The gate was out. The train station was out. So far, the wall was out. Hazel would not deny that she already felt a sense of wanderlust luring her back to the neverending roads, but she was thankful that it was still only a low-level itch in the back of her mind for now. If she remained stuck here in this one little patch of land for months and months, though, trapped in a stone box like an animal in a cage…

She shook her head, focusing on the here and now instead of possibilities she would not let become real. There was a way out; she just needed to find it. As far as she could tell from looking across the campus, she had examined three of the four 'sides' of the school grounds. The gate, the train station, and the wall in between. That just left one more.

The Forbidden Forest that no one was supposed to enter.

The edge of the trees started not fifteen feet from her, a small hillock hiding the junction of woods and wall from the sight of the castle. Yes, it was supposed to be 'forbidden', but she still had yet to hear a good reason why that was. The most reasonable answer had been that it contained trolls and werewolves, but in all honesty she was not concerned about the latter. The moon was in its first quarter stage based on what she saw in the sky the previous night, which meant she had about a week before any hypothetical werewolves would lose control of their own actions. If anything, she was hoping she did find another commune of werewolves.
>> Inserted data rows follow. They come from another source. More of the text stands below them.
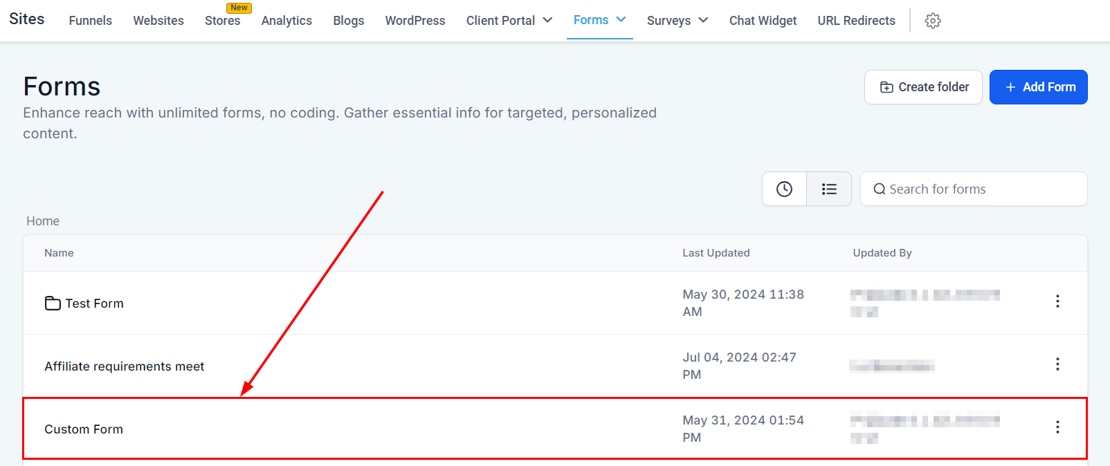 Navigate to the Form Builder: Access the section of the CRM where you create and manage forms.
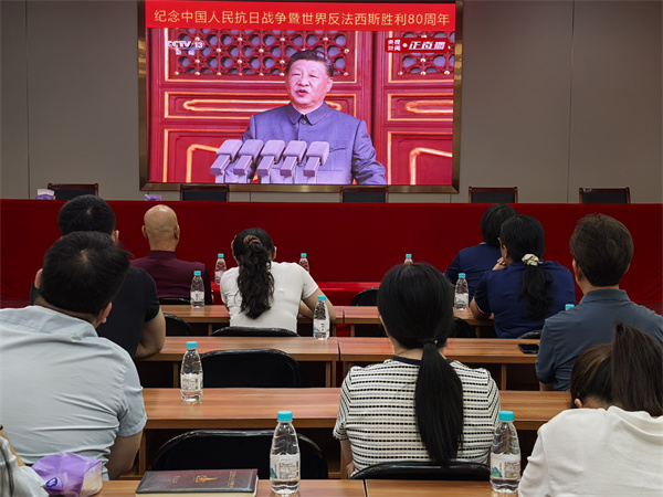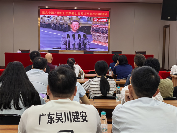 9月3日上午,公司總部全體員工在公司禮堂集中觀看紀(jì)念中國人民抗日戰(zhàn)爭暨世界反法西斯戰(zhàn)爭勝利80周年大會直播。
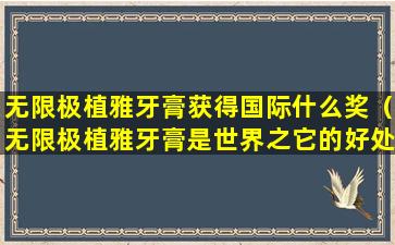 如果您想了解无限极植雅牙膏是否获得过国际奖项,建议直接访问无限极的官方网站或联系他们的客服部门获取最准确的信息。同时,也可以通过搜索引擎查询相关的新闻报道或评奖机构的公告。
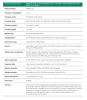 Prevedenie servera:1U Rack; Typ procesora:Intel 6 Core Xeon; Počet slotov PCIe:2; Hot-plug cage pre HDD:2.5" SFF; RAID:1, 5; Počet inštalovaných HDD:2; Výška servra:1U
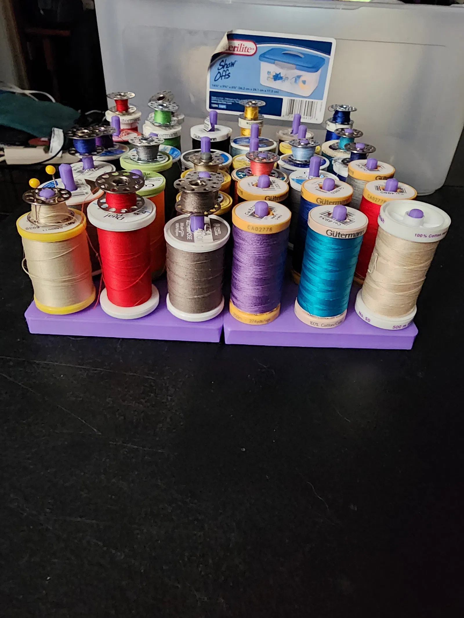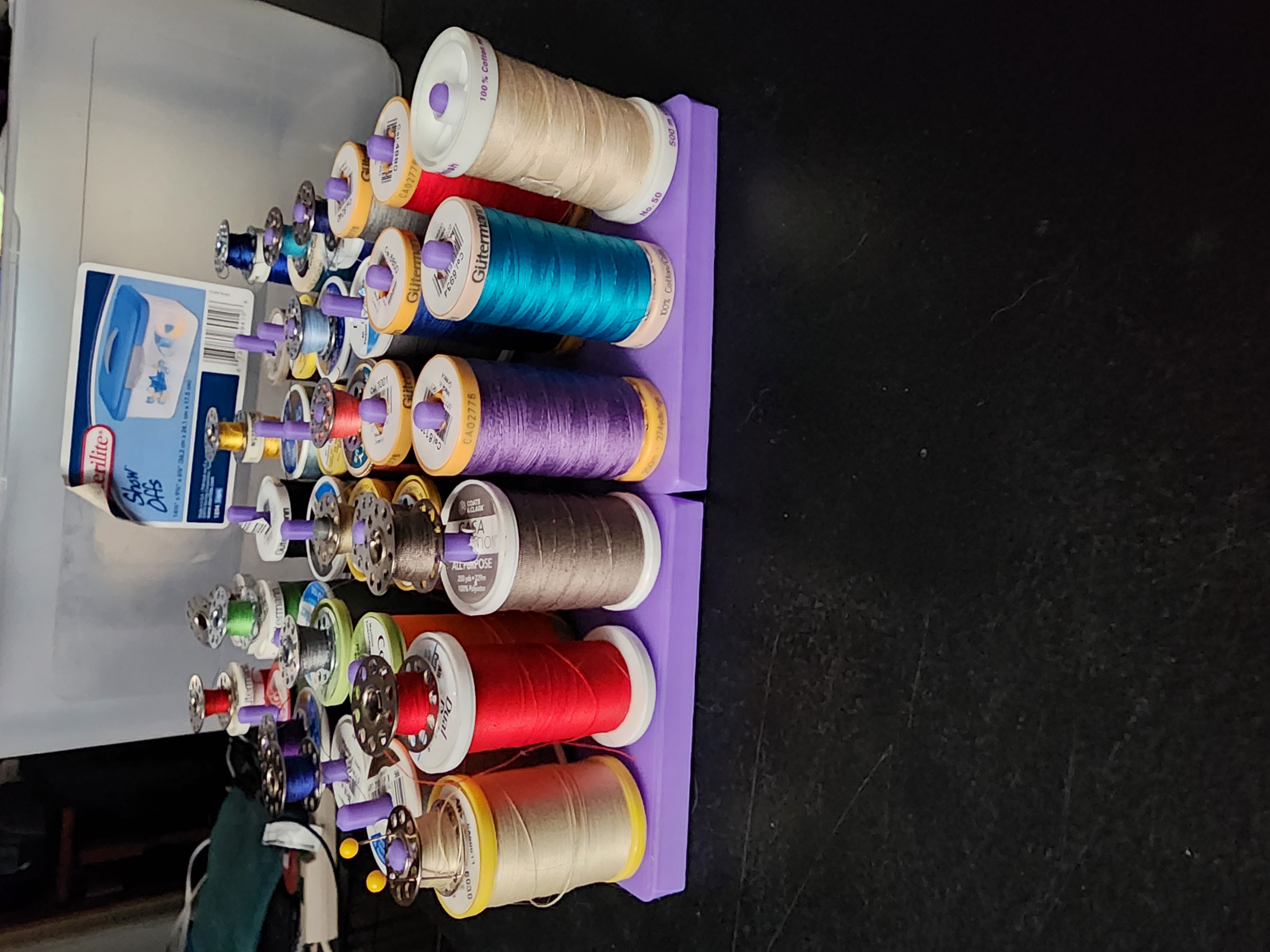 Nó chứa được 36 cuộn chỉ, có đủ chỗ trên mấy cái chốt để đựng chỉ kim cho phù hợp, với mấy cuộn chỉ kích cỡ tiêu chuẩn thông thường.
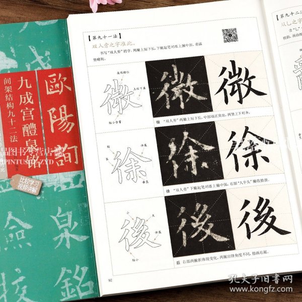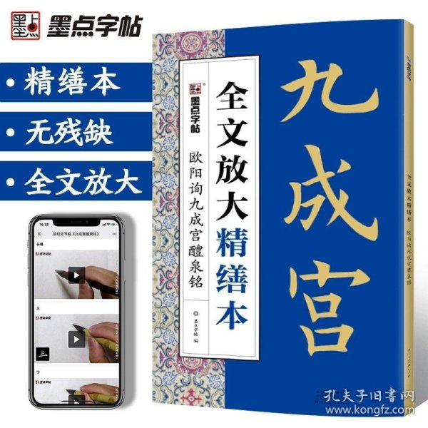 《九成宫醴泉铭》(宋拓李祺本?姚孟起临本?杨华临本)和《九成宫醴泉铭》(宋拓李祺本?邓散木临本?杨华临本)则是将宋拓李祺本中的所有字进行逐个演示,(以附加视频的形式对书中列举的字进行逐个示范),生动形象,不仅具有别开生面的展现效果,更有比以往书籍更强的直观性与实用性。可以说该书从宏观、微观的不同角度对《九成宫醴泉铭》进行了细致的剖析,极大地提高了该书的附加值,相信能惠及读者。
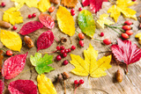 environment, autumn, decoration concept. bloody red rowanberries and healthy rosehip berries placed among bright red and sunny yellow leaves of maples and poplars
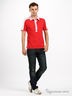 Замечательная мужская футболка с воротником-поло, короткими рукавами и застежкой на пуговицы. Декорирована металлической пряжкой на груди и контрастными вставками белого цвета на плечах и спине.
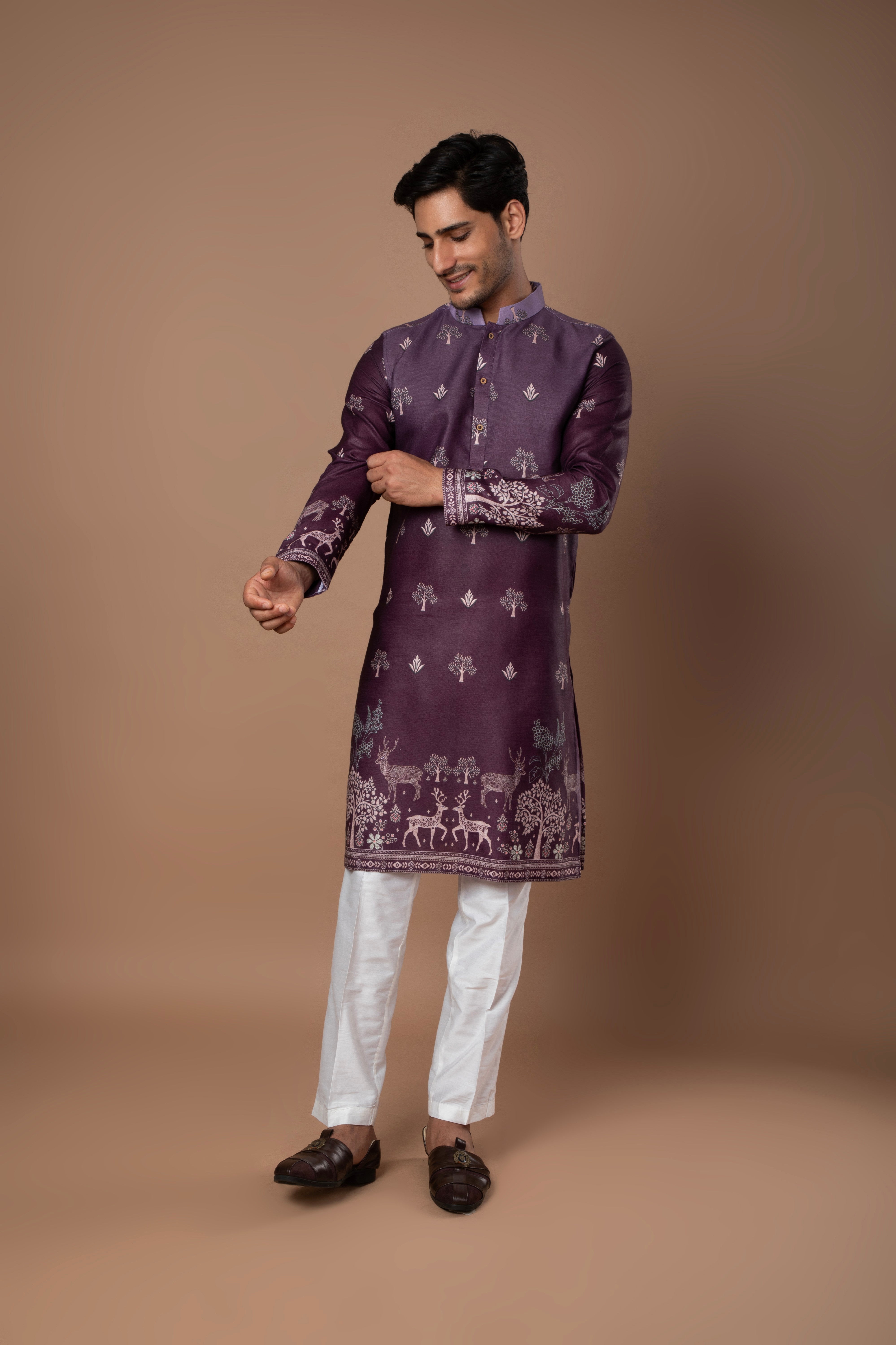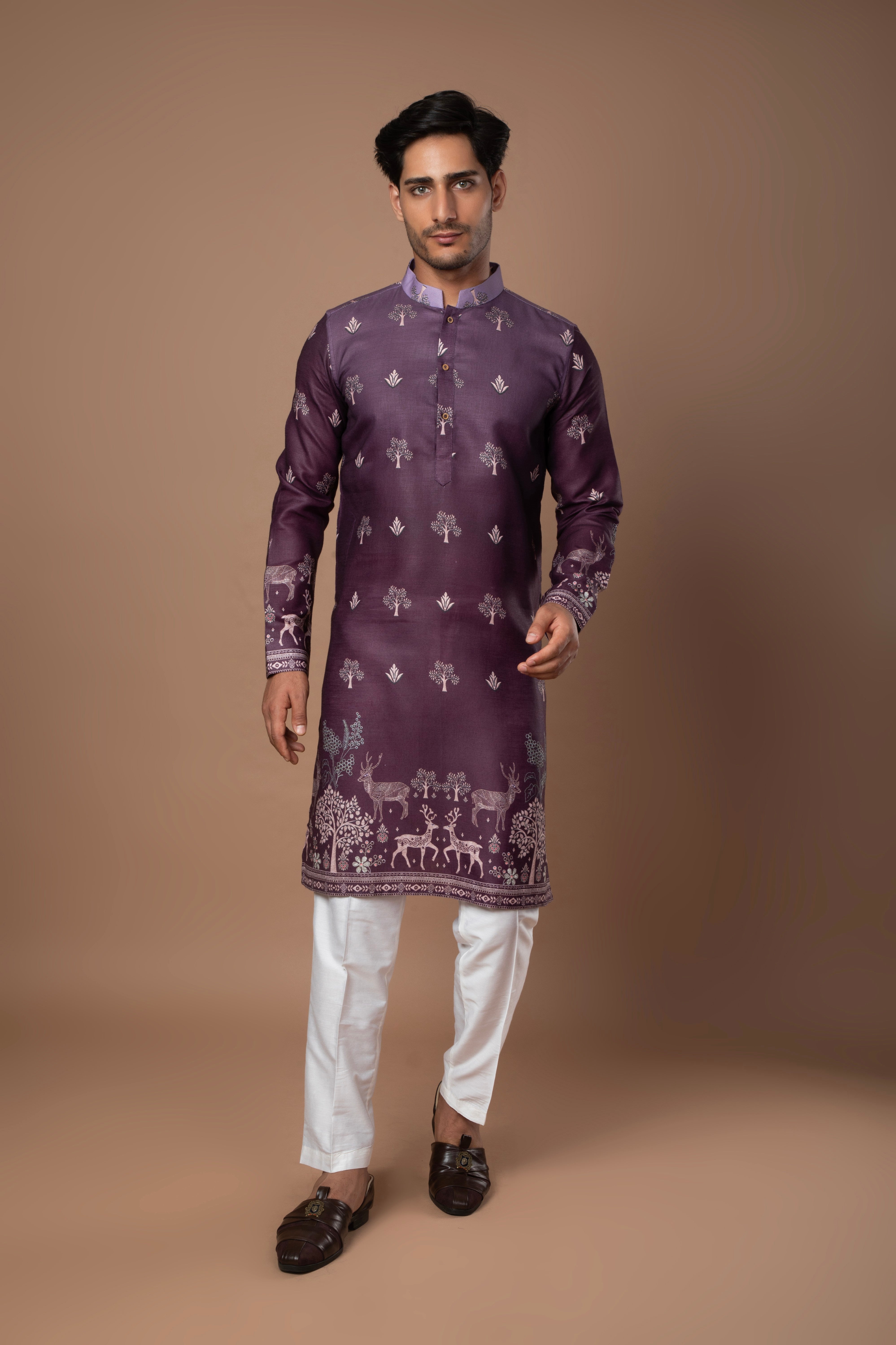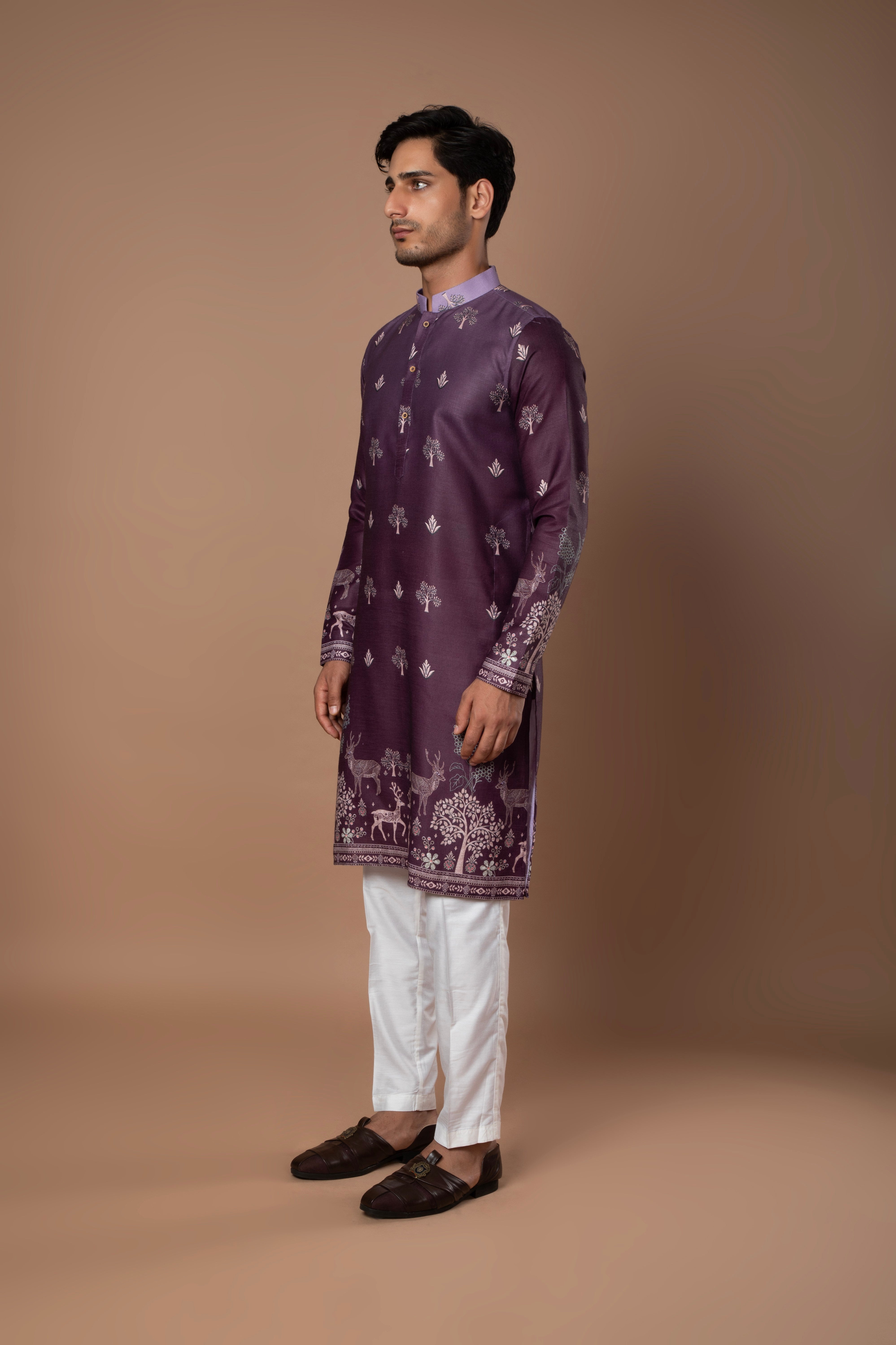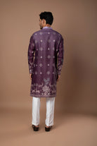 A graceful dark lavender kurta featuring subtle printed motifs and refined border detailing along the hem and sleeves. The soft color and intricate design make it a perfect pick for festive and daytime occasions.
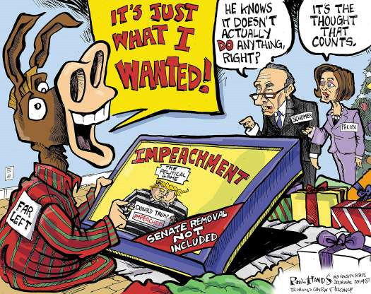This impeachment is a fact but now comes the politics of a trial in the senate. The Democrats will be doing every trick they can to have Trump removed from office. At the very least the impeachment will hang over Donald Trump forever.
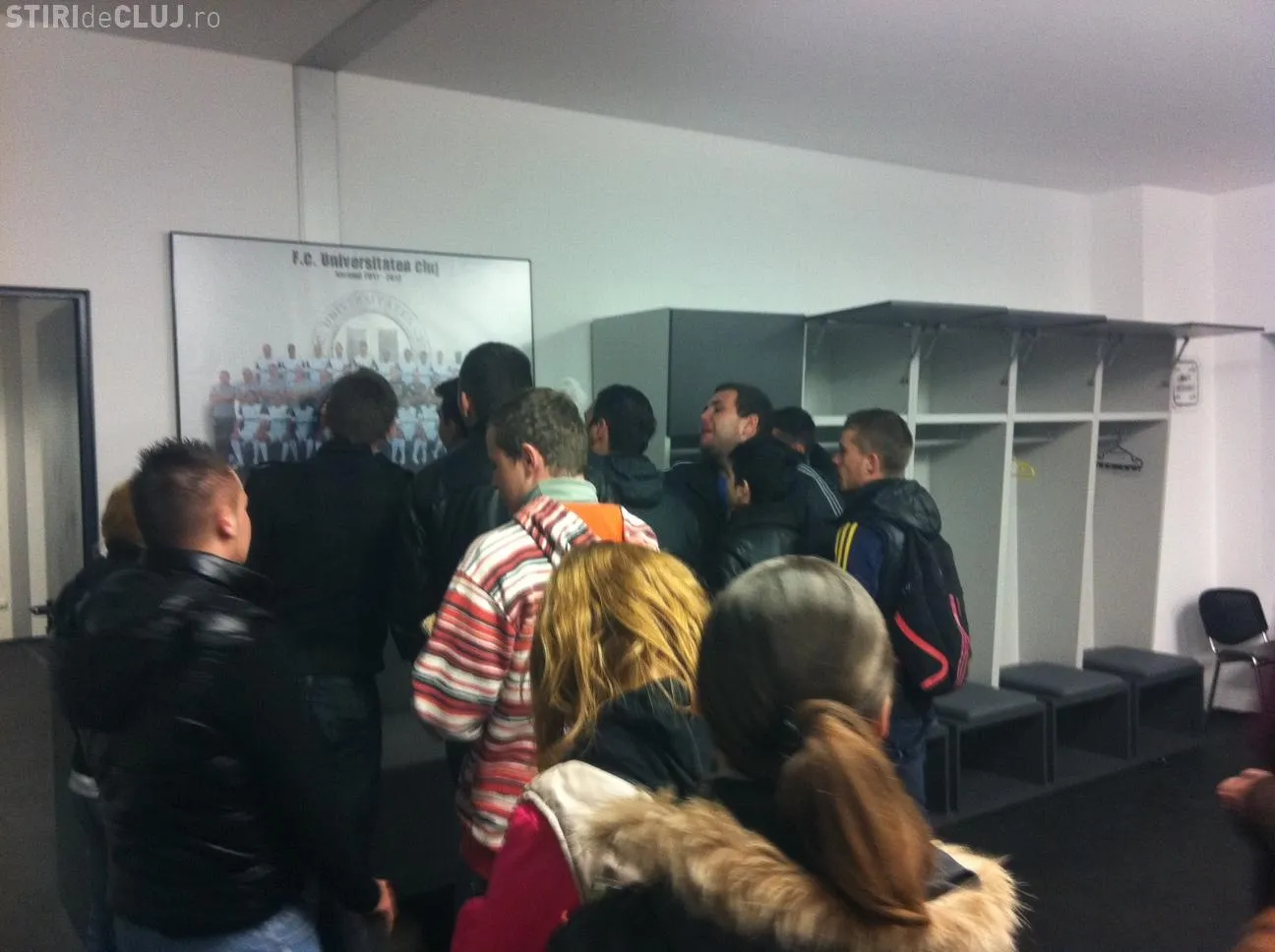 Primii norocosi au fost elevii din clasa a 12-a de la Grupul Industrial Tehnofrig din Cluj-Napoca. Acestia au fost dusi in sala multifuncionala a stadionului, au vizitat loja VIP, vestiarul jucatorilor, dar si sala de conferinte, unde au stat pe scaunele pe care stau antrenorii la final de meci.
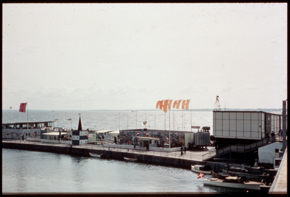Bilden föreställer vy över utställningsområdet på Parapeten med paviljonger och flaggor. I förgrunden hamnbasäng med båtar.
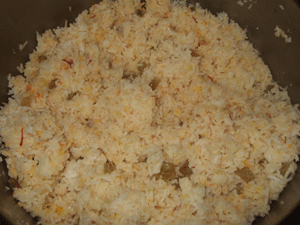 Lad risene koge i 20 min med nelliker og kardemomme. Tag gryden af varmen og tilsæt den opløste safran, og rosiner. Løg låget på risene og lade dem hvile i 5-10 min.
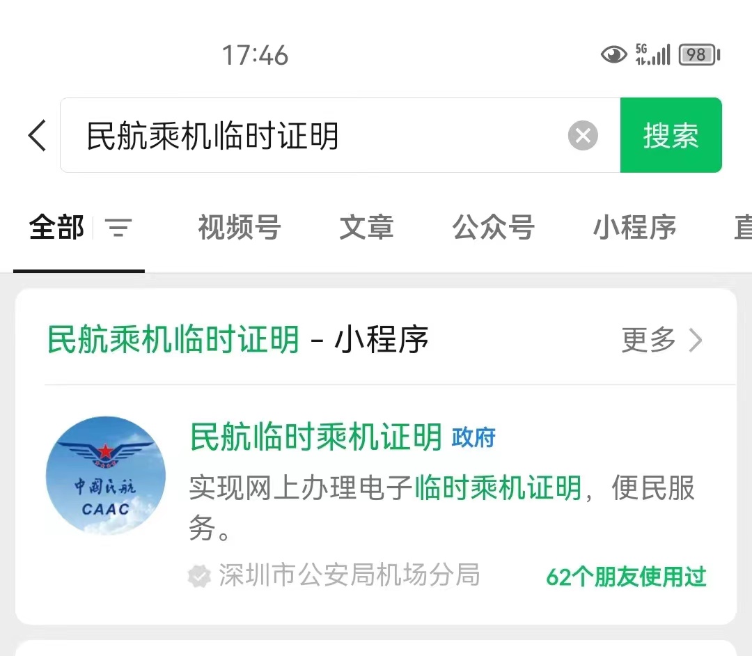 3、請(qǐng)您出示與購票時(shí)一致的有效證件辦理乘機(jī)手續(xù),以免因證件不符耽誤行程。如身份證過期或丟失,您可以在微信小程序和支付寶頁面搜索“民航臨時(shí)乘機(jī)證明”小程序進(jìn)行辦理。
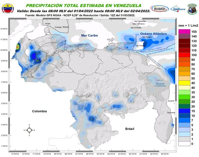 El organismo indicó que igualmente se esperan lluvias en zonas de Zulia, Andes, Barinas, Apure, Amazonas, Bolívar y el Esequibo. Además, se esperan lluvias o lloviznas aisladas en Falcón, Yaracuy, Portuguesa, Centro Norte Costero y Sucre.

It would be nice to find people as kind as Jean Luc and the others, and they might appreciate being able to communicate with more of their own people in a place as far removed as Compiègne.

What do you think, she asked Morgan as she looked at the inviting trees. You up for an adventure that has a chance to send us running for our lives again?

The blue tit tilted his head at the sight before them and chirped nonchalantly.

That's what I was thinking, too. Rolling her neck around on her shoulders, she walked into the tree line.